Contêineres de Servidor SSH Para Desenvolvimento no Kubernetes

Built for Speed: ~10ms Latency, Even Under Load
Blazingly fast way to build, track and deploy your models!
- Handles 350+ RPS on just 1 vCPU — no tuning needed
- Production-ready with full enterprise support
No ano passado, discutimos a execução de Jupyter Notebooks Hospedados e VS Code (Code Server) em seus Clusters Kubernetes. Comparamos várias abordagens e soluções existentes, incluindo o aluguel e o gerenciamento de VMs. Em seguida, descrevemos nossas abordagens para resolver problemas de usabilidade, a fim de tornar a experiência mais agradável e abstrair os detalhes do Kubernetes.
Desde então, recebemos muitos feedbacks de nossos clientes, principalmente a falta de uma melhor experiência de desenvolvimento para aplicativos completos. Embora o Jupyter Lab seja ótimo para notebooks interativos e edição leve, levá-lo a capacidades completas de IDE pode exigir muito ajuste com Extensões Jupyter e ainda pode não ser uma ótima experiência para bases de código que não são Python. Para resolver essas deficiências, lançamos Code Server suporte, que é mais ou menos o VS Code no navegador. Embora seja uma solução sem configuração e facilite muitos problemas de Experiência do Desenvolvedor com o Jupyter Lab, os usuários relataram atrito ao trabalhar com extensões do VS Code.

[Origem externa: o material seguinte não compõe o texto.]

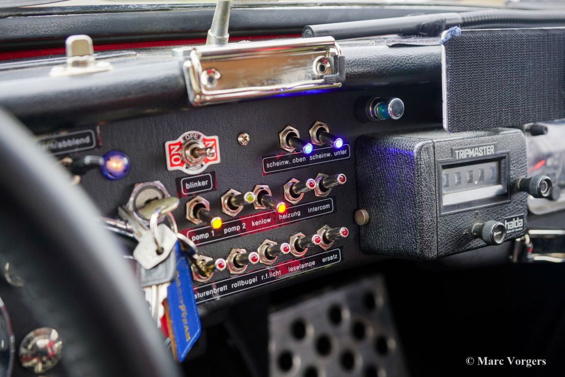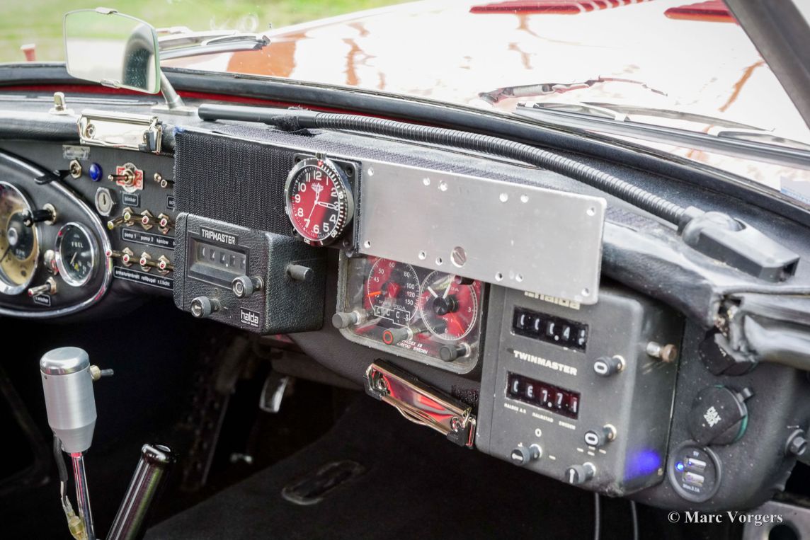Austin Healey 100/6, année 1958. Couleur rouge avec un toit rigide blanc crème et un intérieur rallye noir/anthracite. Cette fantastique voiture de rallye Austin Healey fut entièrement et magnifiquement préparée pour le rallye par un spécialiste aux Pays-Bas. Les coûts et les efforts n'ont pas été épargnés pour créer une voiture de rallye idéale. Le moteur fut amélioré en interne, trois carburateurs furent installés, la suspension fut améliorée, le système électrique fut amélioré, des instruments de navigation furent installés, une multitude de feux de projecteur et de virage furent ajoutés à l'avant et un feu de recul à l'arrière. De plus, des roues Minilite peintes en noir sont installées et des pneus Vredestein Sprint Classic. L'Austin Healey a toujours été une voiture de course et de rallye compétitive. Ce magnifique exemplaire est très puissant, sonne superbement grâce à l'échappement latéral spécial et roule de manière impressionnante. Le nouveau propriétaire sera impressionné par les qualités sportives de cette voiture de rallye « Big Healey ». L'automobile est dans un très bon état et la voiture est prête à être appréciée par un pilote (de rallye) et un navigateur passionné. Cette voiture de rallye Austin Healey peut être engagée dans toutes les épreuves européennes de régularité (rallye) appropriées.

Por exemplo, Pylance, a extensão que oferece excelente suporte à linguagem Python no VS Code, não pode ser instalada no Code Server devido a uma licença proprietária da Microsoft. Em vez disso, os usuários precisam contar com uma combinação de Jedi e Pyright que ainda não estão no mesmo nível do Pylance. Outro exemplo é Github CoPilot – embora seja possível instalá-lo no Code Server, requer ajuste manual do arquivo de extensão e a atualização da versão do Code Server.

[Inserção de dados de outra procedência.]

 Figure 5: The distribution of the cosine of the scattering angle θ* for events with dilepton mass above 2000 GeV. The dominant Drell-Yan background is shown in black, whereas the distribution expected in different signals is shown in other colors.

Embora a experiência de edição do Code Server não seja ruim, às vezes há um atraso perceptível e texto embaralhado no terminal, o que pode ser irritante. Sempre soubemos que conectar o VS Code local com o VS Code Server remoto via SSH ou Tunnels seria uma experiência melhor.
O objetivo é permitir que os usuários criem um deployment executando o Servidor OpenSSH em uma imagem de contêiner baseada em Ubuntu, com a mesma persistência de disco do Jupyter Lab, e permitir que os usuários se conectem a ele.

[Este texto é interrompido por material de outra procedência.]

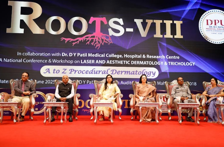 Dr. D. Y. Patil Medical College, Hospital & Research Centre, Pimpri, Pune, successfully hosted the Roots-VIII Conference, an eminent gathering dedicated to Aesthetic and Procedural Dermatology, LASERS and Trichology. The three-day event, convened distinguished dermatologists, researchers and practitioners from across India and abroad to share pioneering advances and clinical best practices.
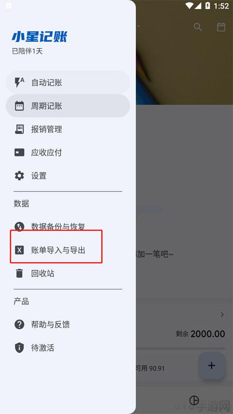 1、同样的,点击左上角的设置功能选项,然后选择“账单导入与导出”功能。
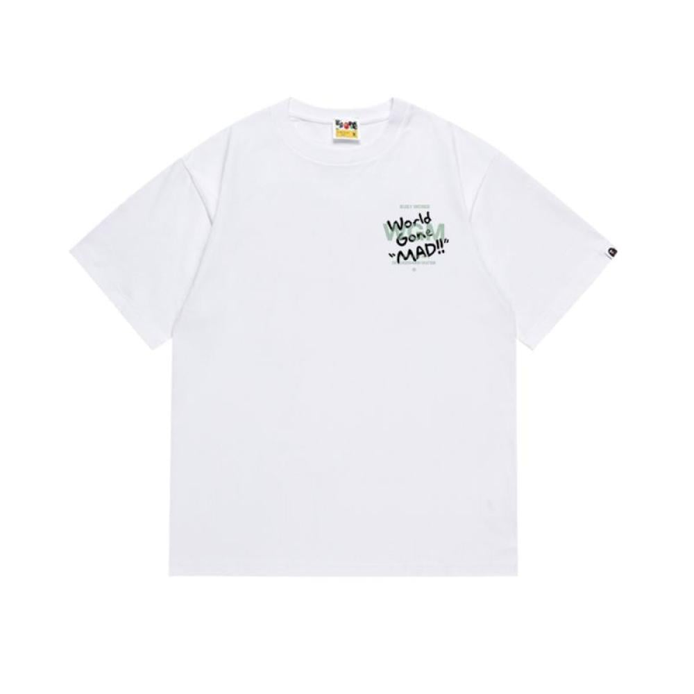تيشيرت بيب الأسود بكلمة “World Gone Mad!!” يعطيك إحساس بالعشوائية وستايل مجنون يحبه كل عشاق BAPE

Veja como fica na plataforma (documentação):
Neste post, explicaremos como implementamos a conexão a contêineres via SSH sem fornecer acesso direto ao cluster e sem enviar tráfego para fora da VPC.
Istio e Roteamento
Ao implantar aplicações, geralmente configuramos um nome de domínio para acessar esses serviços, mas comprar um domínio para cada aplicação é proibitivamente caro. Em vez disso, compramos um único domínio (por exemplo, acmecorp.com), configuramos subdomínios (docs.acmecorp.com) e/ou prefixos de caminho (acmecorp.com/blog/) e então usamos um roteador para corresponder regras e rotear o tráfego para diferentes aplicações.
Usamos Istio para todo o nosso roteamento de ingress. O Istio, entre muitas funcionalidades, oferece abstrações convenientes para configurar o Envoy proxy subjacente que realmente lida com todo o roteamento.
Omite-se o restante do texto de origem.